I just finished reading a novel by Stephenie Meyer, Twilight. It was your average angsty vampire novel (which I like sometimes when I'm in the mood), and it contains tons of crunchy and delicious bits for an Inner Self to chomp on, so it was quite pleasurable in that sense. The novel generally deals with vampires from the point of view of a high school girl, which was a bit tiresome in a 90210 sort of way, but as I was reading through it, I was struck by a question on the mental level... This novel makes it seem cool to be a vampire, and this girl wants nothing more than to be like the vampires she meets in the story.

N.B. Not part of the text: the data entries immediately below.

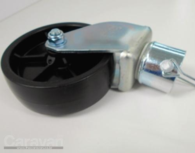 자키휠(Jockey wheel), 미국 트레일러에서는 텅잭이라 불리는데 카라반의 이동에 있어 가장 중요한 방향타의 역할을 수행한다. 작지만 이동을 위한 필수 부품이며 고정이 되지 않을 경우 커플러 손상을 가져올 수 있다. 과속 방지턱이나 주행 중 파손이 되는 부위이다.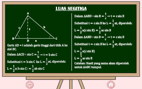Garis AD = t adalah garis tinggi dari titik A ke Substitusi t = c sin B ke L = 2 at, diperoleh: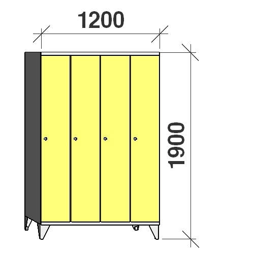 - The dimensions of the locker with legs are H x W x D (mm) 1900 x 1200 x 545.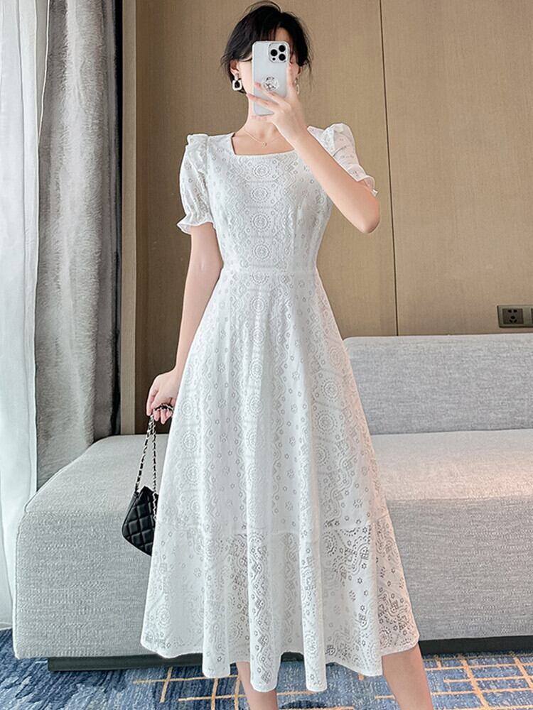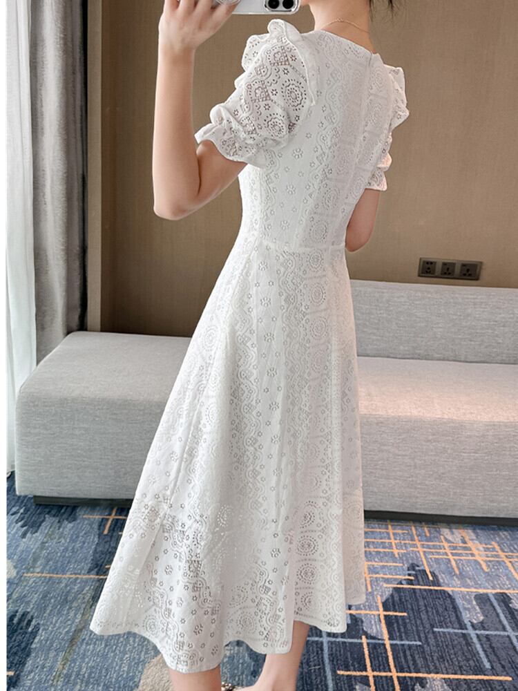 SMTHMA ミディレトロフレンチスタイル A ラインサマードレス Vestdios レース中空アウト服 夏物 Aライン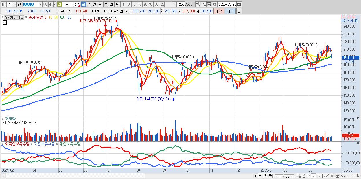 2.SK하이닉스 199,300원 ▼ -3.72% (KOSPI, 000660)
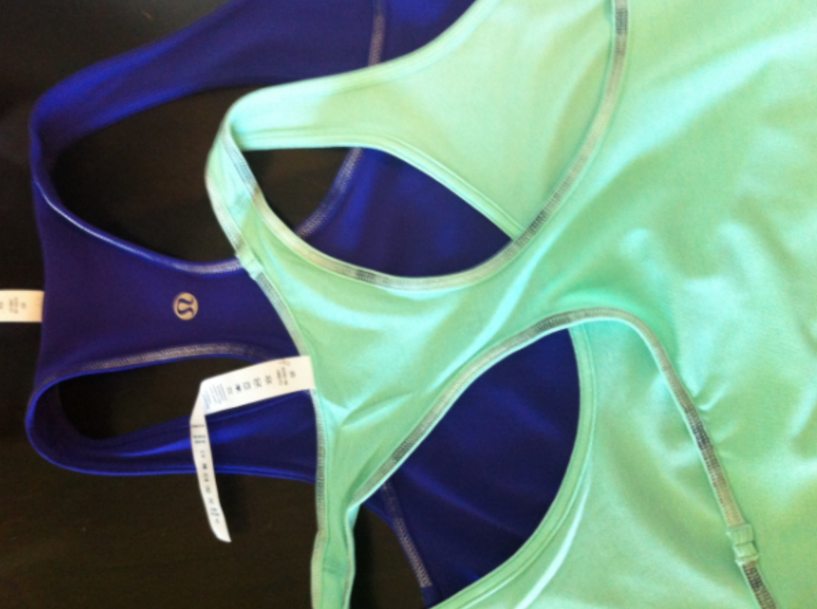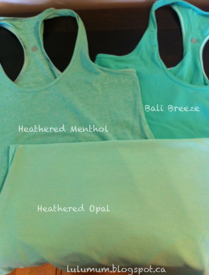 Woohoo!! Thanks to an awesome reader for tipping me off that Vancouver stores got the Bruised Berry and Heathered Opal Cool Racerbacks in. I picked up both, but I’m only going to keep Bruised Berry now that I’m home and compared Heathered Opal to Heathered Menthol and Bali Breeze. The material on the Heathered Opal is much more subtly heathered than menthol, and its also slicker. It’s not exactly icky feeling (47% Polyester), but its not as nice feeling or looking as Heathered Menthol and compared to the two other colors it is rather insipid. The Bruised Berry is divine though. Thick and stretchy, all Nylon Lycra and very opaque.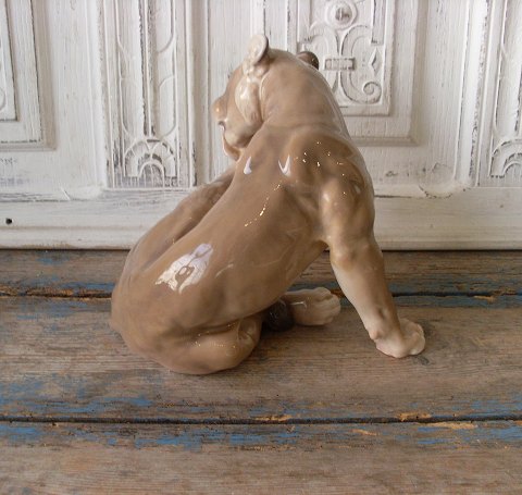 B&G figur, løvinde No. 2051, 1. sort. Produceret mellem 1915-48 Fremstår med skade - professionelt repareret - se billed. Højde 23,5 cm.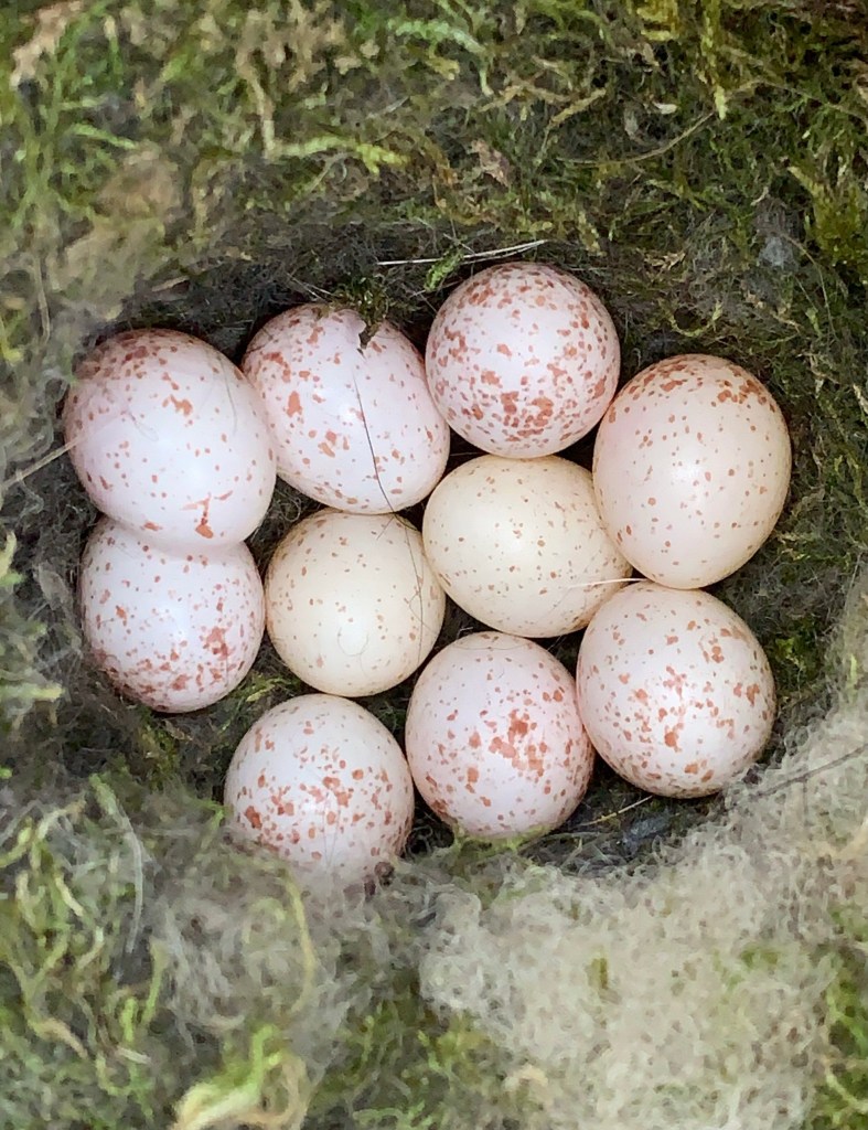 Coal tit nest – I haven’t had a coal tit in one of the boxes before so I was very excited when I saw a pair flying in with nesting material and soon laying a clutch of eggs!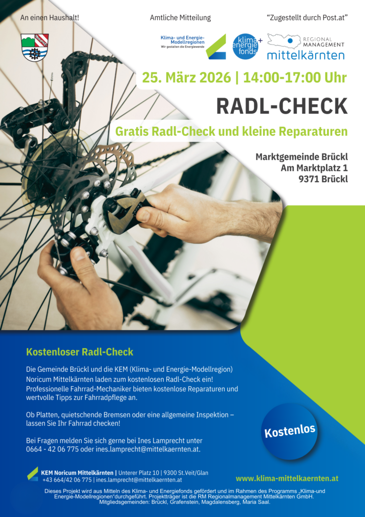 Am 25.03.2026 von 14:00 bis 17:00 Uhr findet am Marktplatz in Brückl ein kostenloser Radl-Check statt.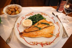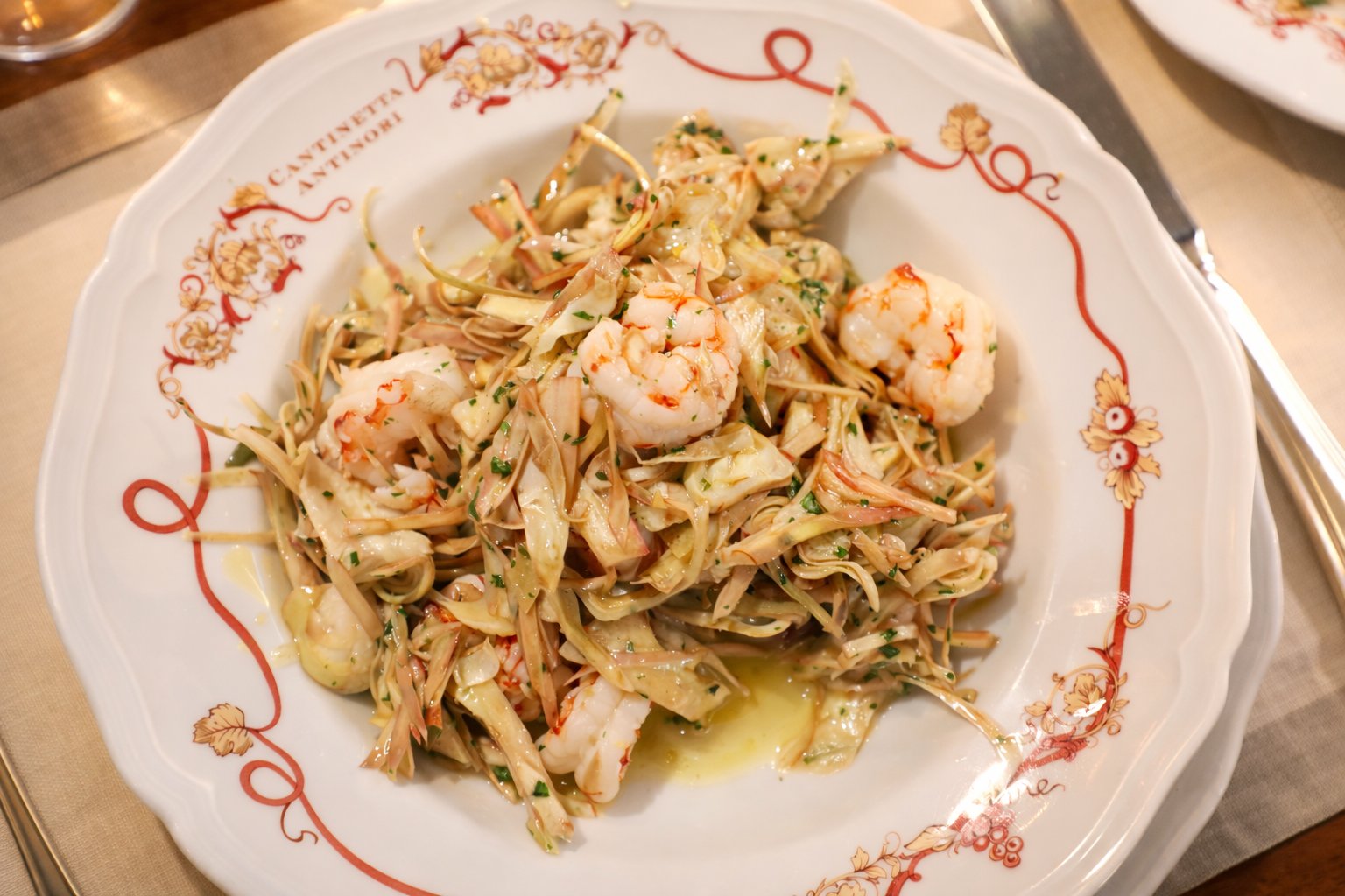 This is the original Cantinetta Antinori; the restaurant is open for both lunch and dinner. This elegant and sophisticated space is located in the center of town and a less than 10 minute walk from either of two iconic places, the Duomo Complex or the Ponte Vecchio on the Arno River. The restaurant offers the main dining room and bar area, and upstirs space or weather permitting, outdoors in a spacious courtyard. We highly recommend the warm shrimp salad with artichokes; in fact we sometimes still think of this delicious dish.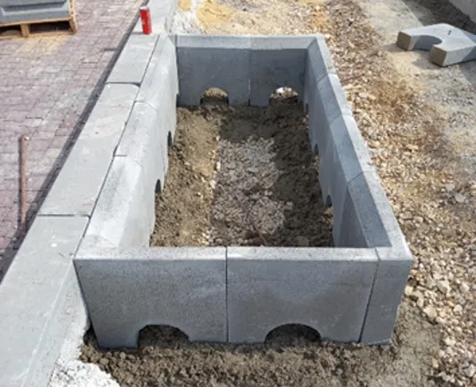 של אקרשטיין בשילוב תעלת גידול המשכית, מהווה פתרון איכותי לנטיעת עצים ברחובות עירוניים.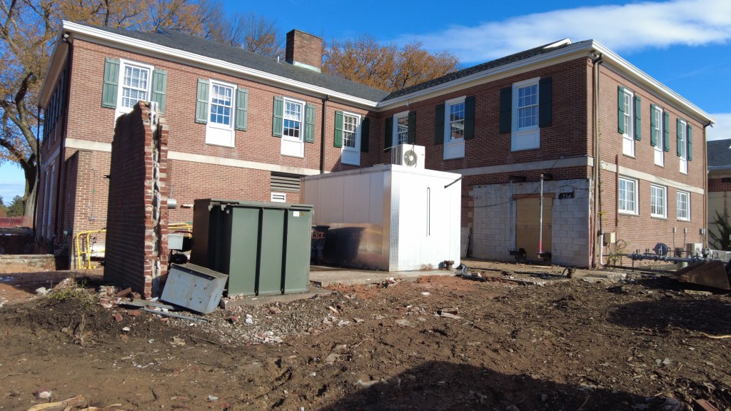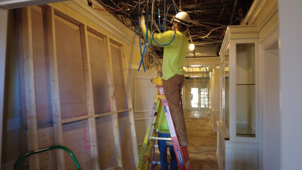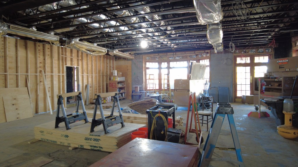 The construction crew has put up a temporary wall in the Tap Room, which allows them to take down the back wall and extend the dining space without impacting the rest of the building. In addition, demolition has begun in the Gentlemen’s Locker Room, the future accessway to the rooftop terrace, and the old loading dock wall was knocked down. They also completed the service testing for the new water lines.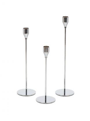 В комплекте три подсвечника высотой 23, 27 и 32 см, диаметр отверстия под свечу — 2 см, цвет — серебристый.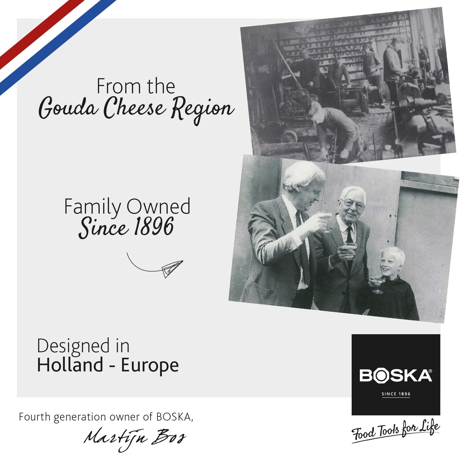 Het merk Boska is opgericht door Willem Bos in Bodegraven. Hij was edelsmid tot het moment dat de kaasboeren gingen vragen om wielen te maken voor de karren die de paarden trokken. Van hieruit is hij steeds meer producten voor de kaasboeren gaan ontwikkelen en daar was het begin van Boska. Nu vele jaren later staat Martijn Bos, als vierde generatie, aan het roer van Boska. HIj heeft ervoor gezorgd dat Boska internationaal ging en wereldwijd het merk voor kaasproducten is geworden! Momenteel heeft het merk Boska het grootste assortiment hoogwaardige kaasaccessoires ter wereld dus voor ieder wat wils!

All throughout the book, these beings are glorified and they act as the protagonists, and naturally kids today will eat that stuff up. Where are the novels that cast the awakened beings as protagonists?

What if you had an equivalent novel to that, where instead of vampires, there was this group of kids that was Conscious? Just like the vampires, people would sort of stay away from them, yet not hate them because they couldn't quite figure them out well enough to make a decision either way. The antagonists in the story could be kids that are the opposite and instead were enticed into egoic fantasies and began playing with black magic and all kinds of other stuff.

What if this book made it seem cool to awaken?

Potentially, I know the answer, or at least part of it. Thousands of kids might read the book, and most will probably ignore it, which is fine. You'll probably also wind up with a few assholes (to use Draja's term) who thought they got it, and then maybe, just maybe, you'll inspire three or four kids who needed to hear it. In the end, I think it would be a game of statistics, but don't you think that might be worth it?

I wonder where these novels are. This is a genre that needs to be born, IMO. Dan Millman's The Journey's of Socrates is one novel that already exists along these lines but there should be more. If I was a better writer (and had time), I'd take a crack at that.